**PROBLEM TO SOLVE:**
Only the lines below from the one that holds "吹奏楽部に受け入れた児童の皆" through the one that holds "A stunning digital" should appear in the answer, copied exactly, end lines included and pictures omitted.

**DATASET EXTRACT:**
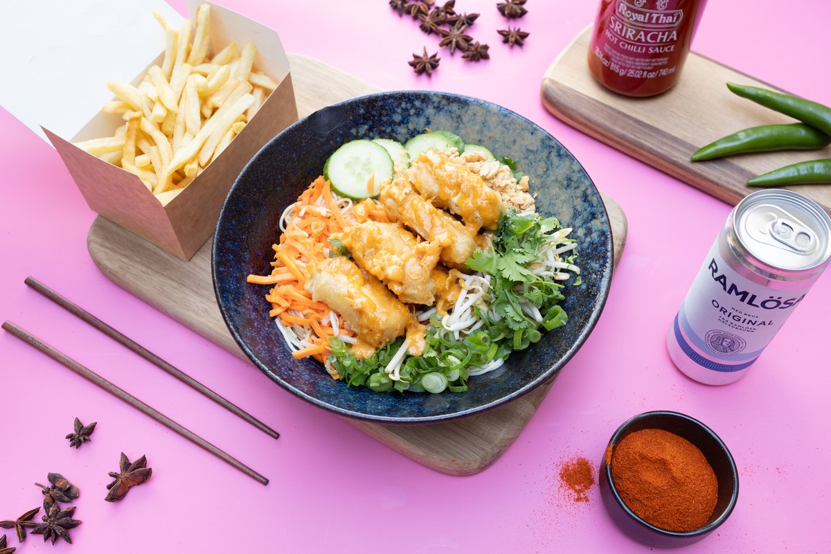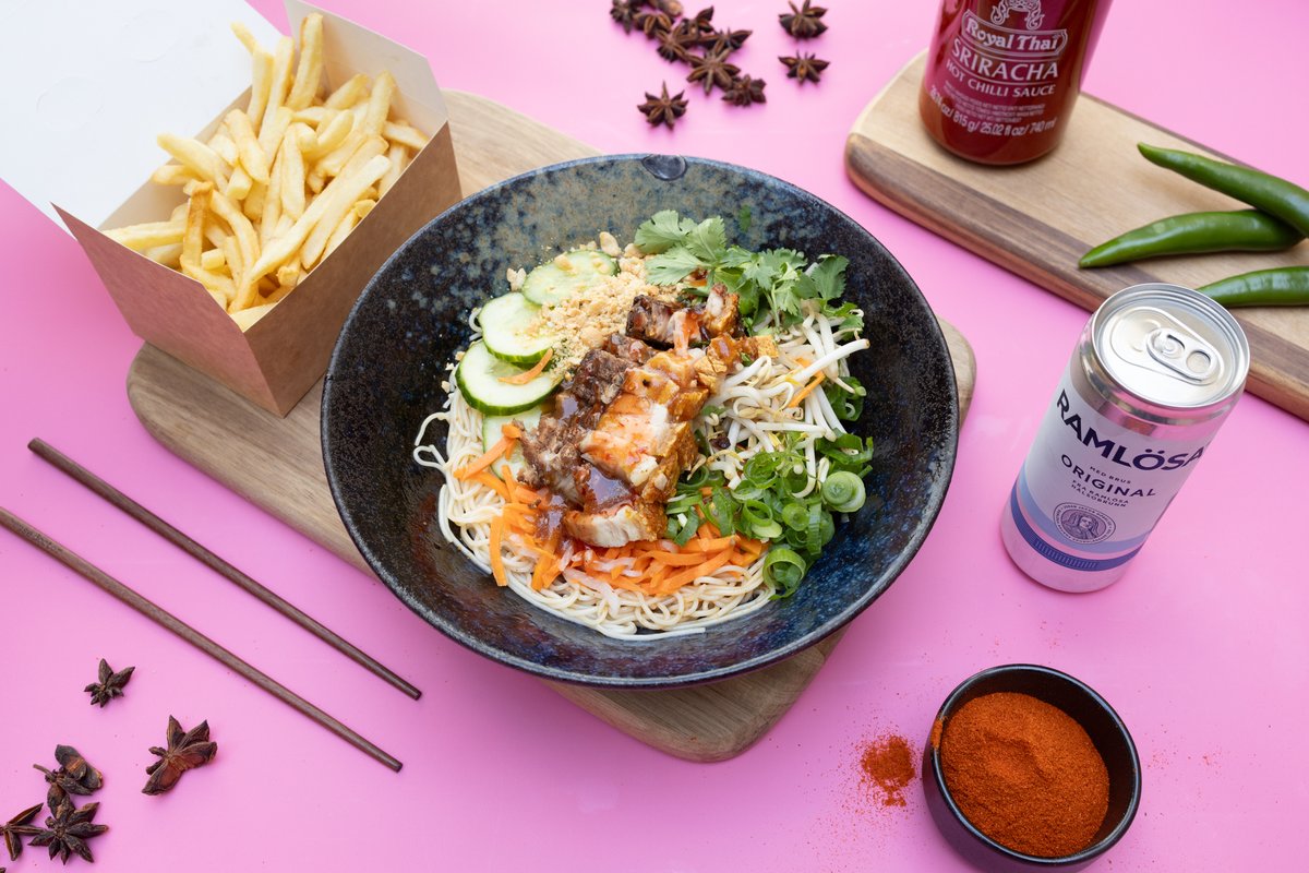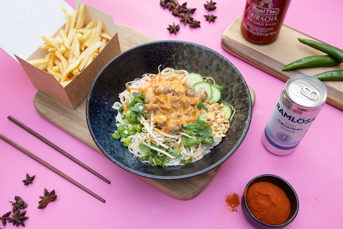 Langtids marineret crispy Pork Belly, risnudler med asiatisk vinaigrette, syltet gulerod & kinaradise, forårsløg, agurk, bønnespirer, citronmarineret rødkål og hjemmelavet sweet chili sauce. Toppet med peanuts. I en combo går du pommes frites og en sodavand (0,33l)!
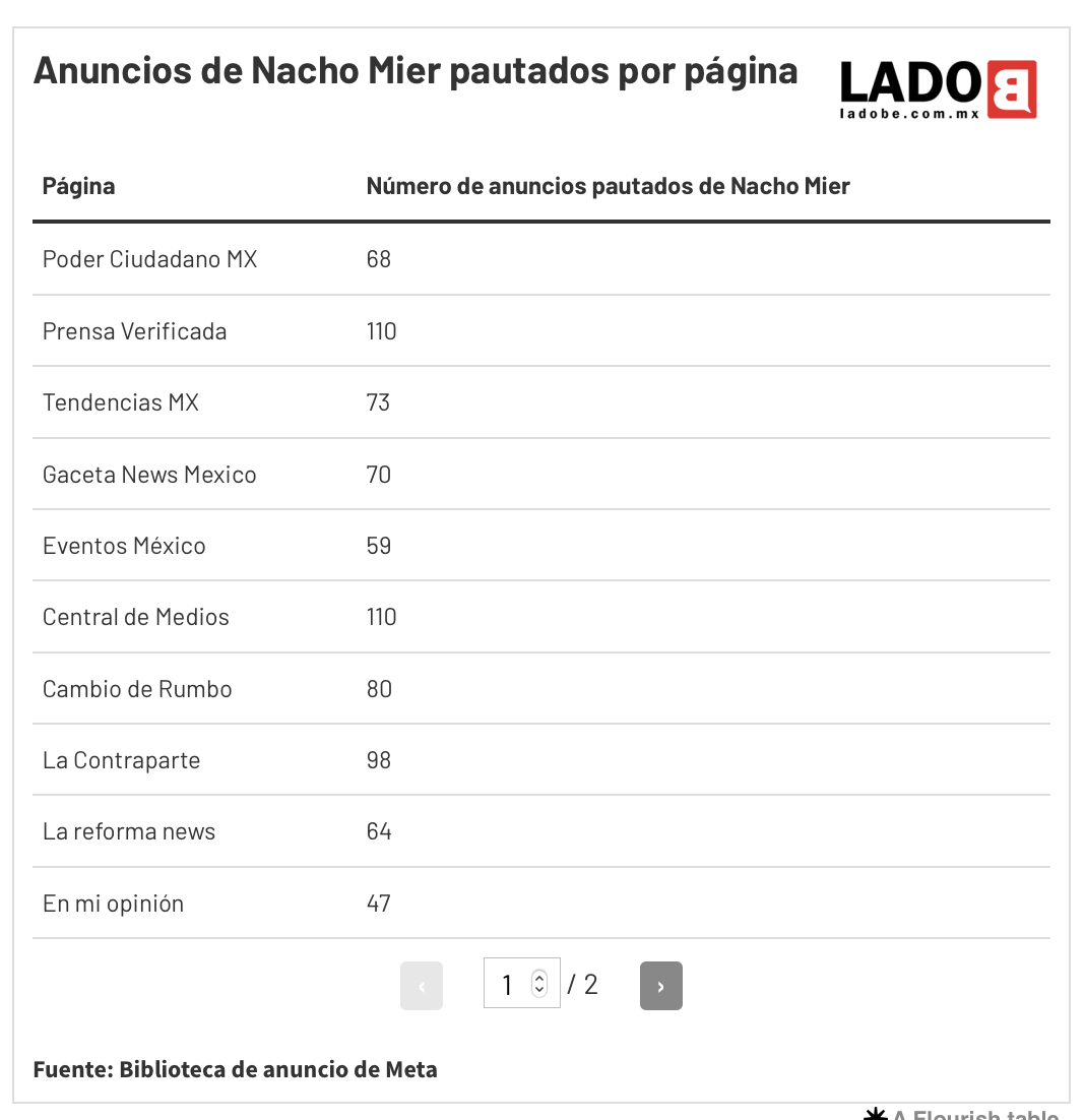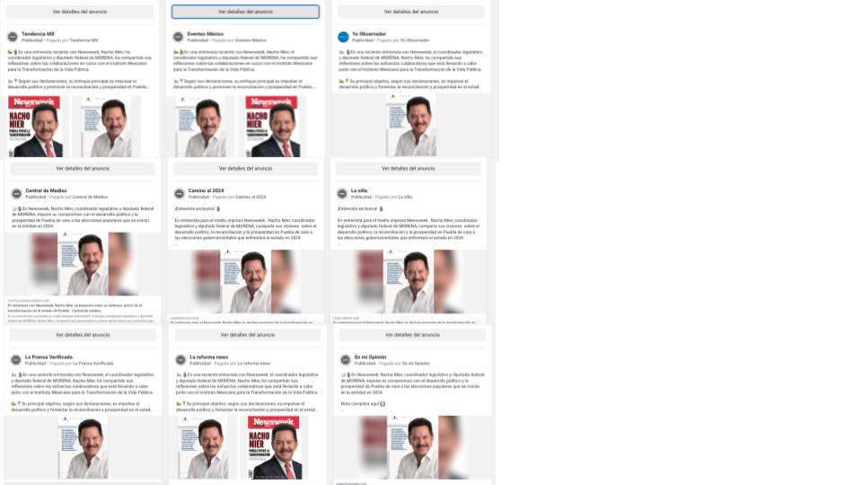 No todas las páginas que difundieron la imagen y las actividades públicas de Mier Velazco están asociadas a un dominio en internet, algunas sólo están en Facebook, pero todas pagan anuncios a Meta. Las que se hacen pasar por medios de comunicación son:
---
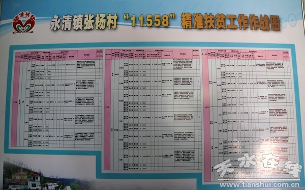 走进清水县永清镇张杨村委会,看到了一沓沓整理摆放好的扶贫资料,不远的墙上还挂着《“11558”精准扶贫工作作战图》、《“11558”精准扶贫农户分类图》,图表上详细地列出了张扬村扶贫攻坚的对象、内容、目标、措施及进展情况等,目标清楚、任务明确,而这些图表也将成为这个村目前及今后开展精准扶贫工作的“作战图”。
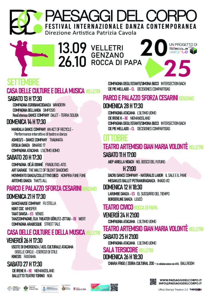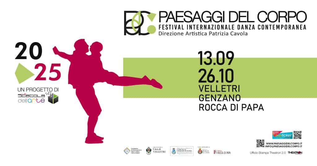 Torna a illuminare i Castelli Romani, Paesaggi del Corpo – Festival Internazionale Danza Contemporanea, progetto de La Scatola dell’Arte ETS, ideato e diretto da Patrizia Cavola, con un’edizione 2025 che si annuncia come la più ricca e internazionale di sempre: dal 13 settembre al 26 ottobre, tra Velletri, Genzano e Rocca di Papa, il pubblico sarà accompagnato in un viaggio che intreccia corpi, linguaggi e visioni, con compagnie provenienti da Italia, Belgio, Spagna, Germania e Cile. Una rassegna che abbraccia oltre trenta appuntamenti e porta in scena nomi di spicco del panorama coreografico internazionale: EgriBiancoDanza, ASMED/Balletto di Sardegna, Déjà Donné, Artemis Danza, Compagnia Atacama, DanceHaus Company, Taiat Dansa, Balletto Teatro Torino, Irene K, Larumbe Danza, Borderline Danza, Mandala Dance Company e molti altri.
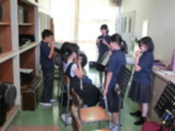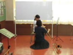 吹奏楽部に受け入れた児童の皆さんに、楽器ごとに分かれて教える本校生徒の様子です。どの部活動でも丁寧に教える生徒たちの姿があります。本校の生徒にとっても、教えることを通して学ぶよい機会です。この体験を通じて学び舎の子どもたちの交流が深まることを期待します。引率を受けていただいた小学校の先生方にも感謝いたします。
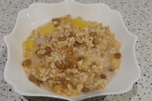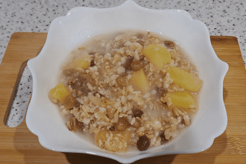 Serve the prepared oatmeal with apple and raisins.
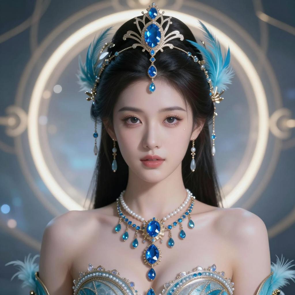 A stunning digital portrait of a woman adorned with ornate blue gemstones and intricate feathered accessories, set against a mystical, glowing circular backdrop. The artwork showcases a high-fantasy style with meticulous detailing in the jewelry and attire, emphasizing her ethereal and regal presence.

**WRITTEN SOLUTION:**
 吹奏楽部に受け入れた児童の皆さんに、楽器ごとに分かれて教える本校生徒の様子です。どの部活動でも丁寧に教える生徒たちの姿があります。本校の生徒にとっても、教えることを通して学ぶよい機会です。この体験を通じて学び舎の子どもたちの交流が深まることを期待します。引率を受けていただいた小学校の先生方にも感謝いたします。
 Serve the prepared oatmeal with apple and raisins.
 A stunning digital portrait of a woman adorned with ornate blue gemstones and intricate feathered accessories, set against a mystical, glowing circular backdrop. The artwork showcases a high-fantasy style with meticulous detailing in the jewelry and attire, emphasizing her ethereal and regal presence.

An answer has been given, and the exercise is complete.